Middle East turmoil dents UK house prices as Halifax reports 0.5% dip

UK property prices recorded their first monthly fall of the year in March, with a 0.5% drop halting the early 2026 momentum in the housing market. The average house price slipped from £301,151 in February to £299,677, according to the latest data from Halifax.
The lender attributed the reversal directly to heightened geopolitical instability, specifically the conflict between the US and Iran. Amanda Bryden, head of mortgages at Halifax, said the slowdown “reflects the wide uncertainty regarding the conflict in the Middle East,” which has altered the financial landscape for prospective buyers.

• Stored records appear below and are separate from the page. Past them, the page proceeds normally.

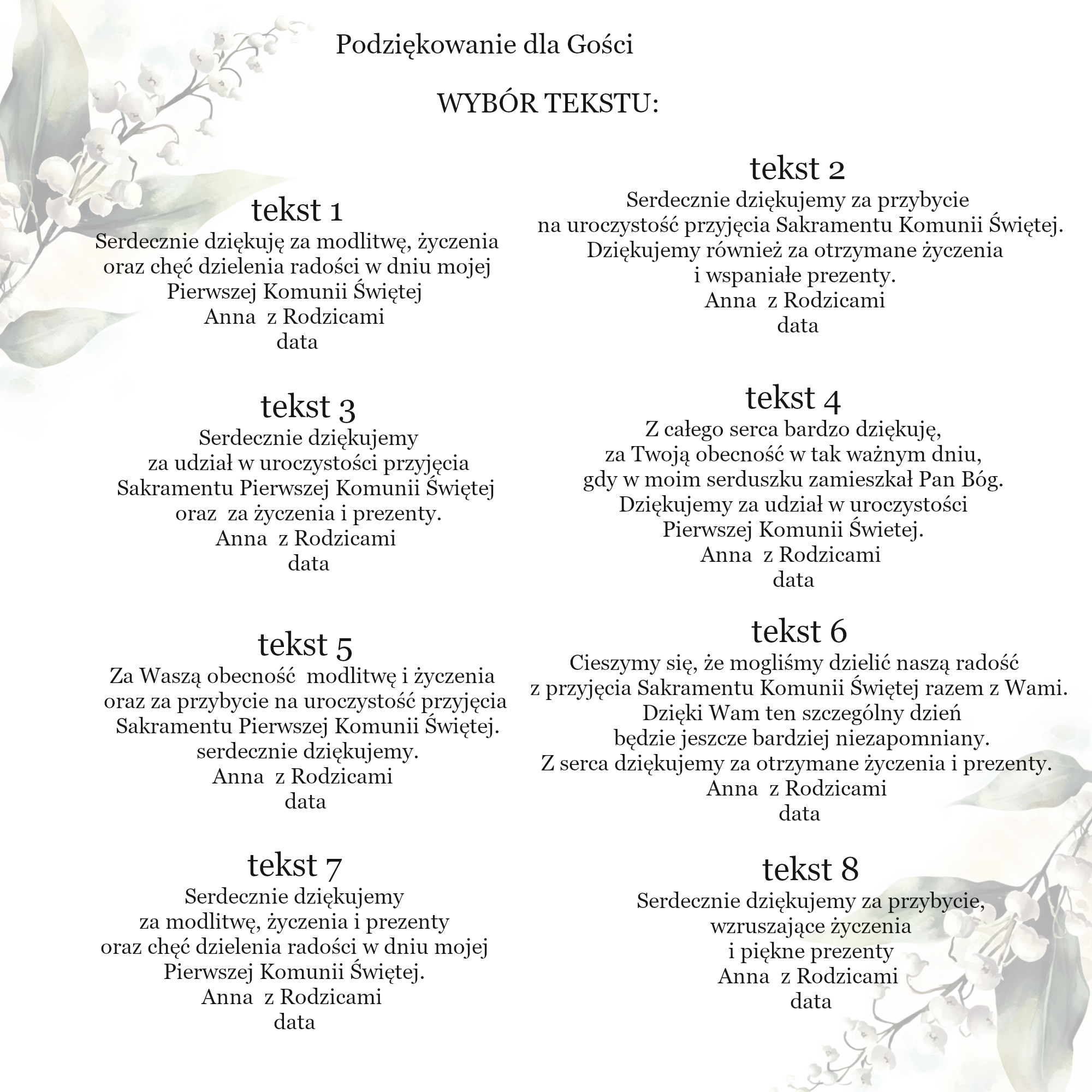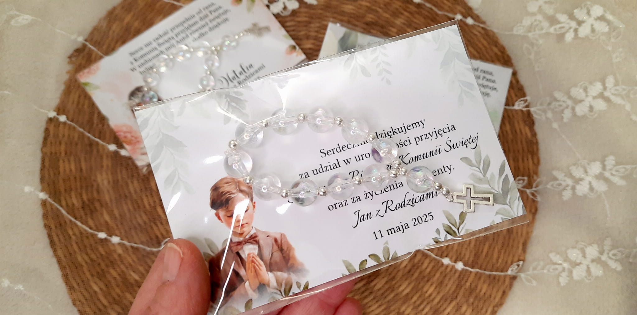 Podziękowanie dla gości w formie dziesiątki różańca.
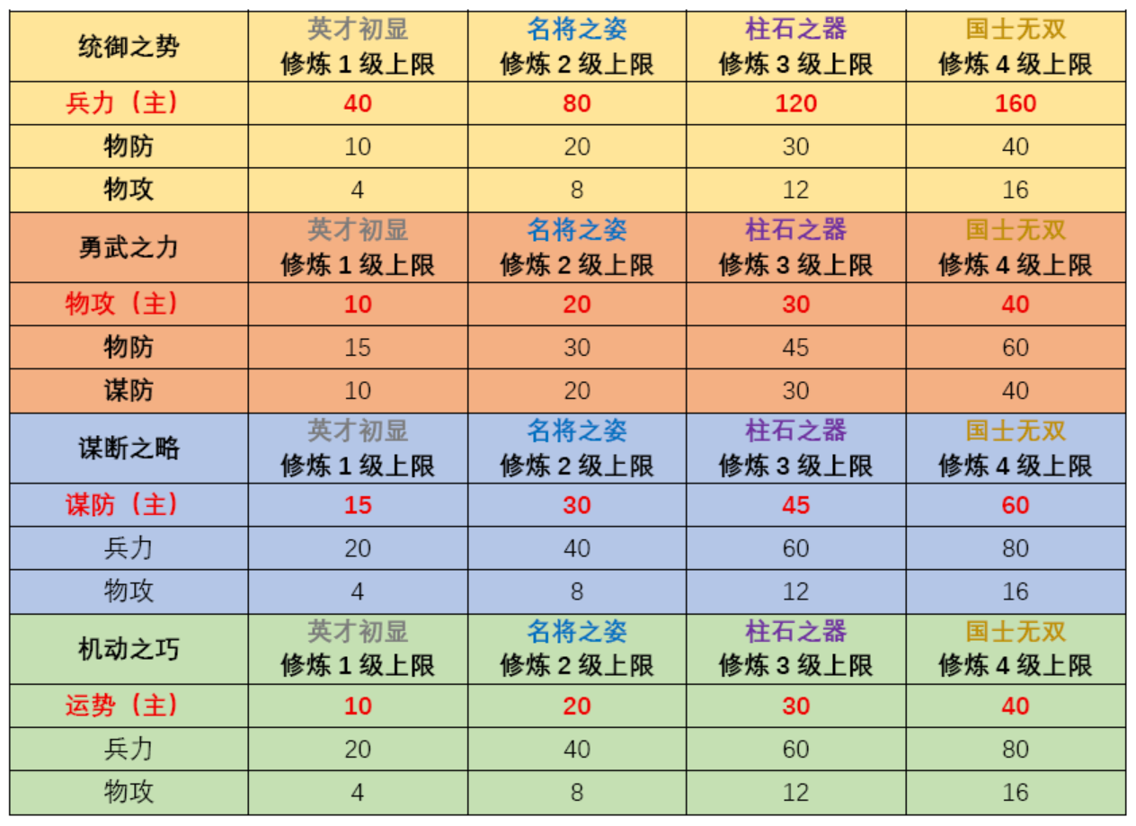 以物理系副将为例,4个修行等级对应数值上限见下表。
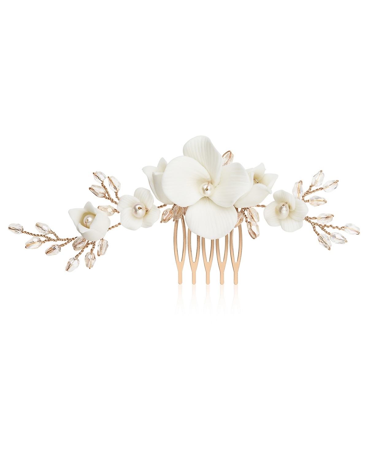 Dieser wunderschöne Haarkamm ist mit Keramikblumen gestaltet, die der Natur nachempfunden sind und deiner Brautfrisur eine bezaubernde Note verleihen. Funkelnde Glaskristallperlen sorgen für strahlende Akzente und echte Süßwasserperlen bringen einen sanften Glanz in das Schmuckstück.
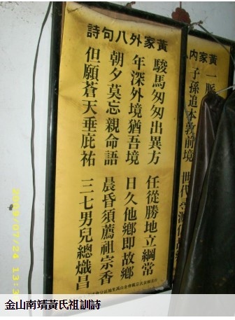 三界壇及清泉一帶的客屬黃氏大族,祖籍在福建省漳州府南靖縣小嶺同寨鄉,據族內說法,三界壇黃氏是與海濱的中角海尾黃家,有著共同的來台祖先。以前在金山地區的黃氏,大陸原鄉的祖居地,若在南靖縣或平和縣內的各族黃氏,大夥一同的清泉興築一棟公廳,共有一座標榜黃氏大姓的公廳,並有會族祭祖的固定祭儀,藉此攏絡宗族情感。
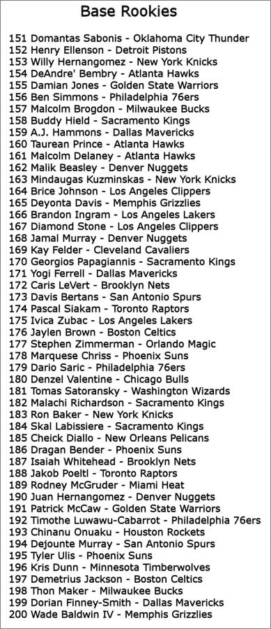 Base Rookies : 201 à 230
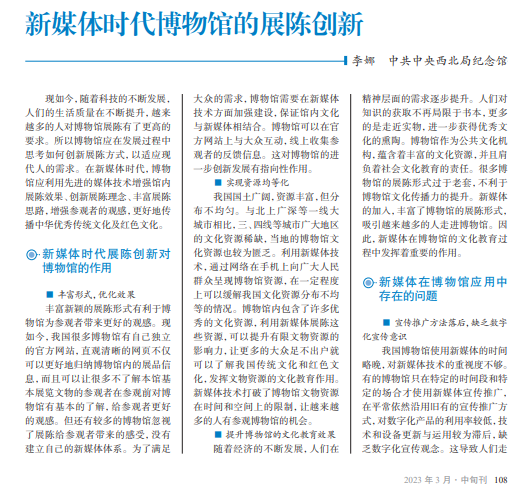 随着科技的进步,时 代也在不断发展。互联 网时代,信息的传播方式 正在发生着翻天覆地的 转变。作为城市物质文 化的储藏地,博物馆应在 新媒体时代创新发展,积 极利用新媒体的优势,增 强馆内展陈效果,增强参 观者的观感。
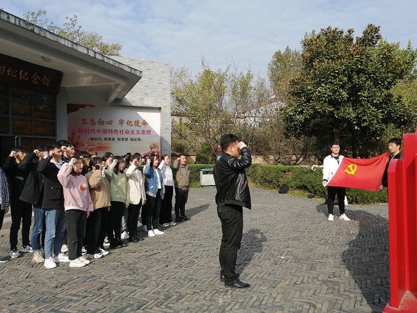 活动中,在纪念馆前,崔北坤带领全体学生党员重温入党誓词,全体党员高举右拳,字字铿锵,重温入党誓词,彰显了铭记历史不忘初心,缅怀先烈牢记使命的坚定政治信念。通过参观纪念馆中的图片、文字记载、实物等相关史料,学生党员全面了解了渡江战役的历史过程,渡江战役历时42天,中国人民解放军以木帆船为主要航渡工具,一举突破敌军的长江防线,以运动战和城市攻坚战相结合,合围并歼灭其重兵集团取得胜利,为全中国的解放奠定了重要的军事和政治基础。在参观中,同学们观看实物,聆听讲解,回顾珠城历史上的峥嵘岁月,为革命先辈的无私奉献、不怕牺牲的精神所感动,也为这座军民雨水情的城市而自豪。
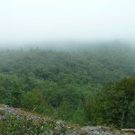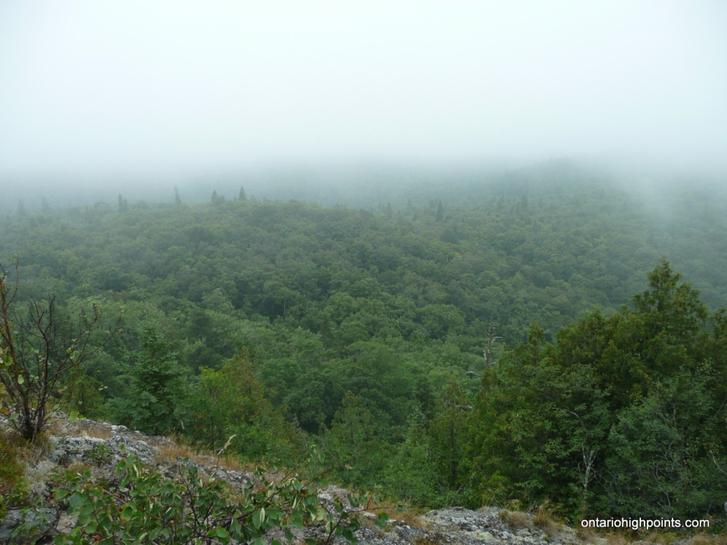 Once gaining the top of the last steep pitch, proceed northwest across the mostly open summit area though grass and exposed rock outcrops to the highest point on the mountain at N47 14.728 W84 16.387. On clear days, there should be good views west to Peak 637 atop the western cliffs.
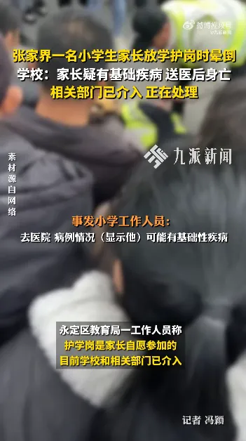 张家界一45岁家长站“护学岗”时死亡,涉事学校称其可能有基础疾病,教育局:“护学岗”是家长自愿参加,在处理这件事
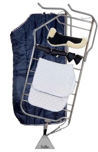 Il permet de sécher vos tapis de selle, guêtres et protège-boulets en quelques minutes.
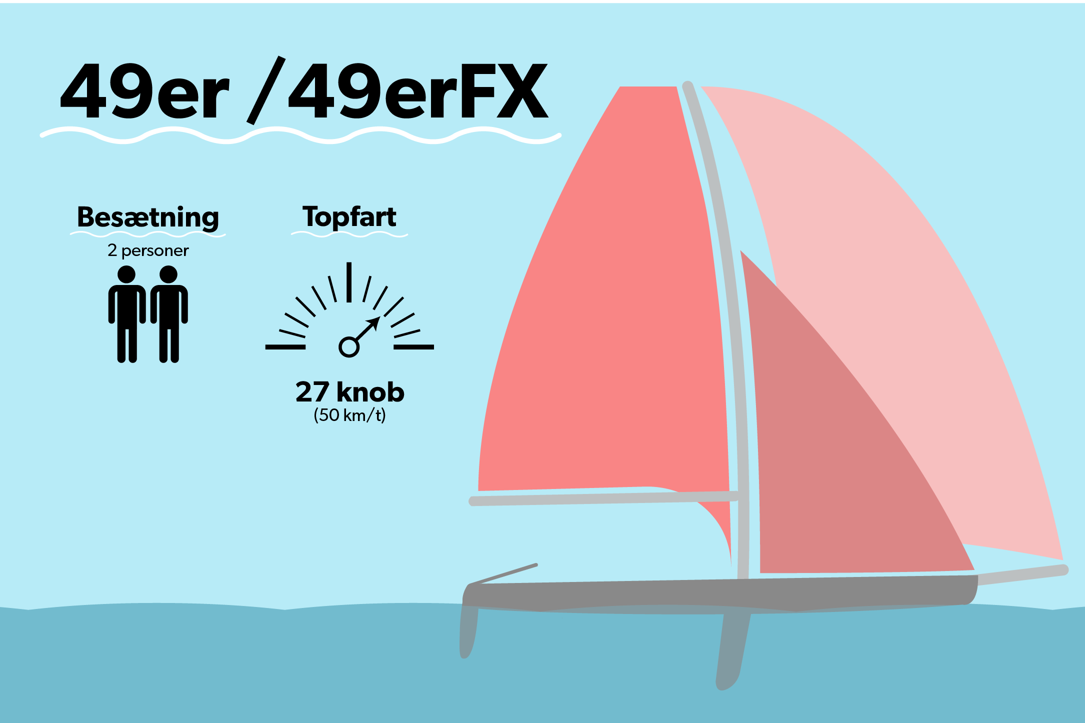 Hvis du kan lide fart, så er 49eren noget for dig. Med en besætning på to personer og tre sejl, der kan spændes for, kan 49eren nå op på hele 50 kilometer i timen. 49eren har sit navn, grundet sin skroglængde på 4,9 meter. Under VM er der også en kvindeklasse (49erFX), hvor skroget er magen til 49eren, men 49erFX har lidt mindre sejl.

From global conflict to local mortgages
The chain reaction from battlefield to front door is rooted in commodity markets. The effective closure of the Strait of Hormuz since the war began in February led to surges in the price of oil, gas, and fertiliser. This, according to Halifax, stoked fears that inflation could accelerate again, which in turn pushed up market expectations for future interest rates.
These revised expectations fed directly into mortgage pricing. “Concerns about higher energy prices have pushed up inflation expectations, which in turn led to a rise in mortgage rates,” explained Bryden. This dynamic reduced confidence that the Bank of England would cut interest rates this year, dampening buyer sentiment and spending power.
Karen Noye, a mortgage expert at wealth management firm Quilter, emphasised that the March data is a critical early indicator. “March is the first full month in which the conflict in Iran fed through into UK mortgage pricing,” she said, making this “an important early test of how higher borrowing costs are starting to affect the housing market.”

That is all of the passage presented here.